Getting the summary statistics of 0 month for onset less than 20 yrs and greater than 20 yrs
summary(lessthan20[lessthan20$month == 0, 7]) / sum(lessthan20$month == 0)
## Min. 1st Qu. Median Mean 3rd Qu. Max.
## 0.00000 0.00000 0.00000 0.01172 0.03125 0.03125
summary(morethan20[morethan20$month == 0, 7]) / sum(morethan20$month == 0)
## Min. 1st Qu. Median Mean 3rd Qu. Max.
## 0.00000 0.00000 0.00000 0.03472 0.08333 0.08333
Getting the summary statistics of onset for month 2 for onset less than 20 yrs and greater than 20 yrs
summary(lessthan20[lessthan20$month == 2, 7]) / sum(lessthan20$month == 2)

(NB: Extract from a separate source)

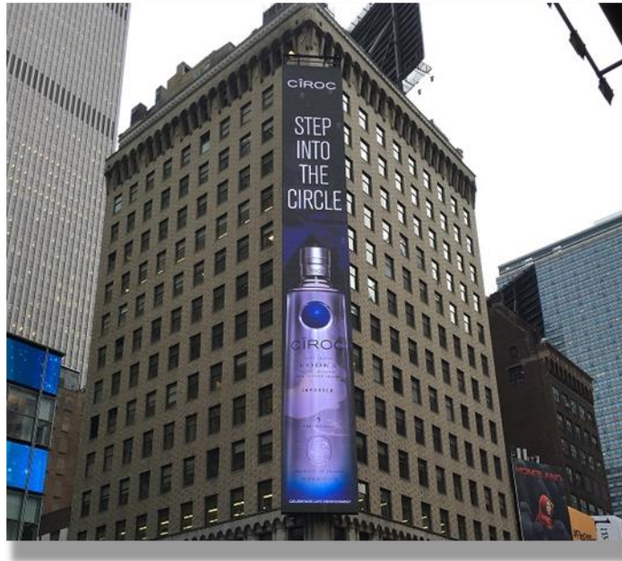
(Figure 2 – Ultravision's UltraPanel configured as digital billboard in Times Square)

installed a majority of the LED displays in Times Square. One of Ultravision's installations in Times Square is shown below:

## Min. 1st Qu. Median Mean 3rd Qu. Max.
## 0.00000 0.00000 0.00000 0.01367 0.03125 0.06250
summary(morethan20[morethan20$month == 2, 7]) / sum(morethan20$month == 2)
## Min. 1st Qu. Median Mean 3rd Qu. Max.
## 0.00000 0.00000 0.04167 0.04167 0.08333 0.08333
Getting the summary statistics of onset for month 6 for onset less than 20 yrs and greater than 20 yrs
summary(lessthan20[lessthan20$month == 6, 7]) / sum(lessthan20$month == 6)
## Min. 1st Qu. Median Mean 3rd Qu. Max.
## 0.00000 0.02344 0.03125 0.02734 0.03125 0.06250
summary(morethan20[morethan20$month == 6, 7]) / sum(morethan20$month == 6)
## Min. 1st Qu. Median Mean 3rd Qu. Max.
## 0.00000 0.06250 0.08333 0.06250 0.08333 0.08333
Getting the summary statistics of onset for month 8 for onset less than 20 yrs and greater than 20 yrs
summary(lessthan20[lessthan20$month == 8, 7]) / sum(lessthan20$month == 8)
## Min. 1st Qu. Median Mean 3rd Qu. Max.
## 0.00000 0.03125 0.03125 0.03027 0.03125 0.06250
summary(morethan20[morethan20$month == 8, 7]) / sum(morethan20$month == 8)
## Min. 1st Qu. Median Mean 3rd Qu. Max.
## 0.08333 0.08333 0.08333 0.09028 0.08333 0.16667
Getting the summary statistics of onset for month 10 for onset less than 20 yrs and greater than 20 yrs
summary(lessthan20[lessthan20$month == 10, 7]) / sum(lessthan20$month == 10)
## Min. 1st Qu. Median Mean 3rd Qu. Max.
## 0.00000 0.03125 0.03125 0.03320 0.03125 0.06250
summary(morethan20[morethan20$month == 10, 7]) / sum(morethan20$month == 10)
## Min. 1st Qu. Median Mean 3rd Qu. Max.
## 0.00000 0.08333 0.08333 0.08333 0.08333 0.16667
Summary statistics on the course of the illness for each of the month computes numeric values to confirm the result observed from the mosaic plots as well as its interpretation. It is observed that the illness trajectory differs between the early onset (ages <20) and the late onset (ages > 20) with patients suffering a lot form early onset compared to late onset of the disease condition
The schizophrenia dataset has 220 observations on 4 variables with an unequal number of patients in the onset variable (160 patients for ages less than 20 and 60 patients for ages greater than 20). This somehow makes the data and its analysis bias. Output from the mosaic plots and the summary statistics on the course of illness in the various months shows that at month 8, there are no patients with the disorder present in the late onset category instead a number of missing patients are observed. However, patients with the disorder present are observed in the 10th month of the disorder whereas the number of patients with the disorder absent decreased compared to those observed in the 8th month. My interpretation for this observation is that in the 8th month of the disorder among the late onset category, most of the patients with the disorder recovered (absent of any symptoms of schizophrenia) and the few that did not recover died. However, at the 10th month, symptoms of the disorder began to show up in some of the recovered patients again. In general, analysis of the data shows that the course of the illness differs from the early and the late onset category with the late onset category having a higher recovery rate from the disorder compared to the early onset category.